Build voice and multimodal agents with Pipecat
Use Pipecat to define realtime voice and multimodal agent pipelines with transports, model providers, tools, and turn-taking tests.
npx skills add agentskillexchange/skills --skill build-voice-and-multimodal-agents-with-pipecat
Pipecat is an open-source framework for realtime voice and multimodal conversational AI. This skill is for developers who need to define a conversation pipeline, connect audio or video transport, add model providers and tools, and test latency, interruption, and turn-taking behavior. Invoke it when the target workflow is a realtime voice or multimodal agent rather than a text-only assistant. The boundary is the conversational pipeline and runtime behavior, not a generic media SDK listing.

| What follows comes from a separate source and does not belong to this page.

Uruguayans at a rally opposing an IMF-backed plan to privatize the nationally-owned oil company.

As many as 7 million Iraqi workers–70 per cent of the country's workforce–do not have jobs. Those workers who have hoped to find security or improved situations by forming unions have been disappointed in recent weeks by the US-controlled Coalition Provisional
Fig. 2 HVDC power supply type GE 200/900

What this skill actually does
Inputs and prerequisites: Pipecat, audio or video transport, model provider credentials.
Setup notes: Follow the Pipecat repository setup instructions, configure the selected transport and model providers, define the conversational pipeline and tools, then test realtime latency and turn-taking.

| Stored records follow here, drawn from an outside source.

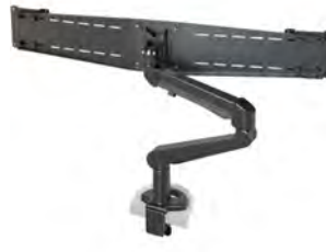
438-LC58B MONITOR ARM LC58 DUO-BAR, BLACK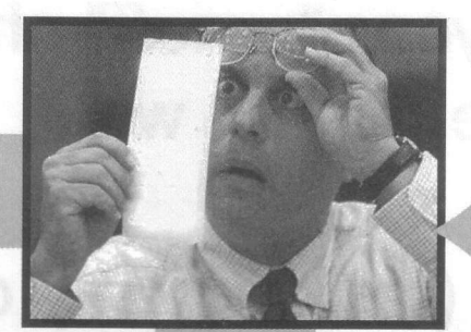
Is There a Majority?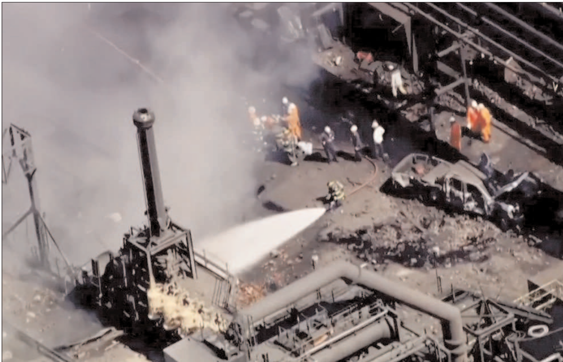
CLAIRTON: Firefighters spraying water on the site of an explosion at US Steel's Clairton Coke Works plant in Pennsylvania.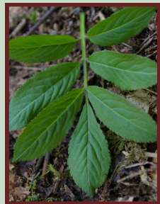
5-7 leaflets sharply toothed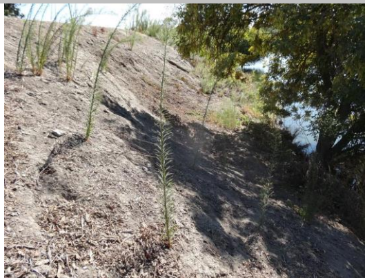
View of the erosion from levee slope.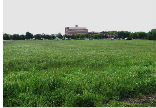
The future site of the H.O. Smith Botanic Gardens in 2002, before construction began

Land for an arboretum was first set aside by Penn State's Board of Trustees in 1914, but nearly a century passed before construction of The Arboretum at Penn State began.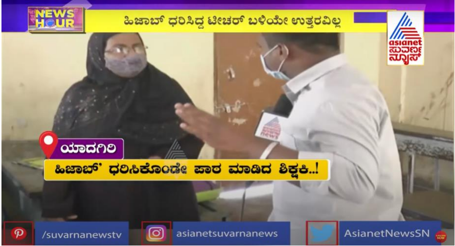
Image 8 - Screenshot of Asianet Suvarna Reporter ambushing a teacher in school premises. Headlines translate to “Hijab wearing teacher has no explanations”... (for wearing the hijab)

News reports emerged of TV channels targeting Muslim minority government schools and forcing school and college authorities to coerce their students, and in some cases even teachers, to remove their hijabs. 135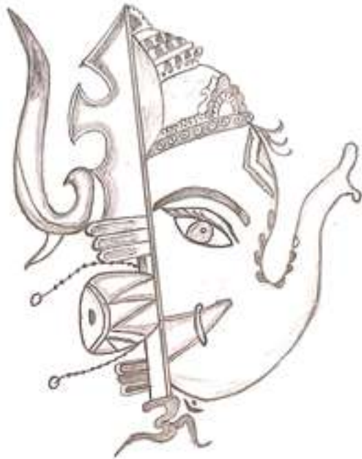
Prajwal, IV sem M.Com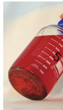
Sticky deposits are an issue, but a good kill rate

We used the lower dose for this test as Eradicate recommend the standard dose for all but the heaviest contamination. It proved highly effective, removing all but a few percent of microbial life and giving above average performance in the filter test. There were a lot of sticky deposits left in the bottom of the jar for which further treatment would be required to avoid filter blockage problems.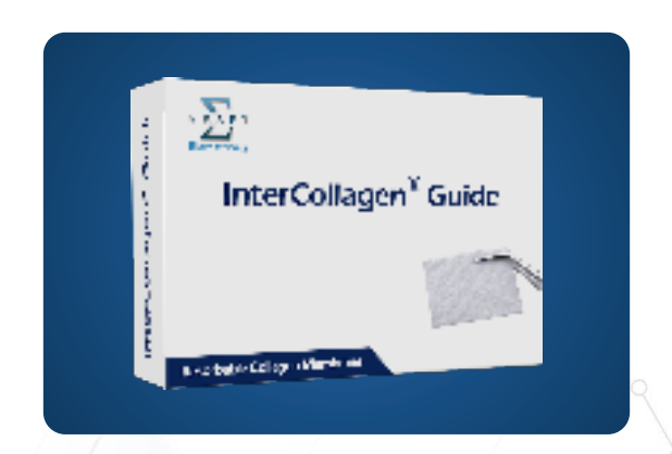
Resorbable Collagen Membrane

InterCollagen® Guide is a porcine-derived resorbable collagen membrane intended for periodontal and/or dental surgeries. When used in conjunction with a graft material for a guided bone regeneration procedure, the barrier membrane restricts the entry of rapidly proliferating non-osteogenic cells while allowing the ingrowth of slow-growing bone forming cells. InterCollagen® Guide can be easily sutured and trimmed to required size.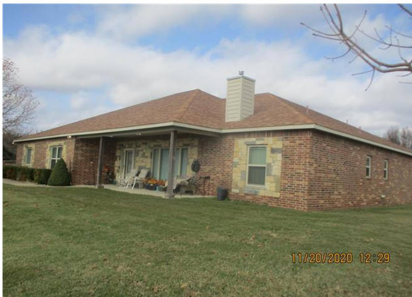
\\tsclient\TCASEY\CASEY BOOTH VISUAL INSPECTION\2020-1' 11/20/2020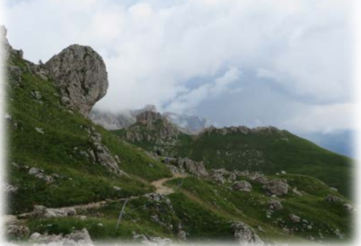
Breathtaking scenery as we hike.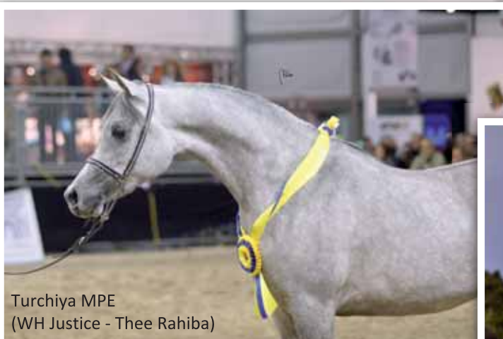
Turchiya MPE (WH Justice - Thee Rahiba)

Source and verification boundary: use https://github.com/pipecat-ai/pipecat as the canonical reference before running the workflow; keep commands, API calls, CLI usage, and generated outputs reviewable against that upstream source.
Framework fit: publish this as a Custom Agents workflow only when the operator can invoke the documented toolchain directly, rather than treating the upstream project as a generic product listing.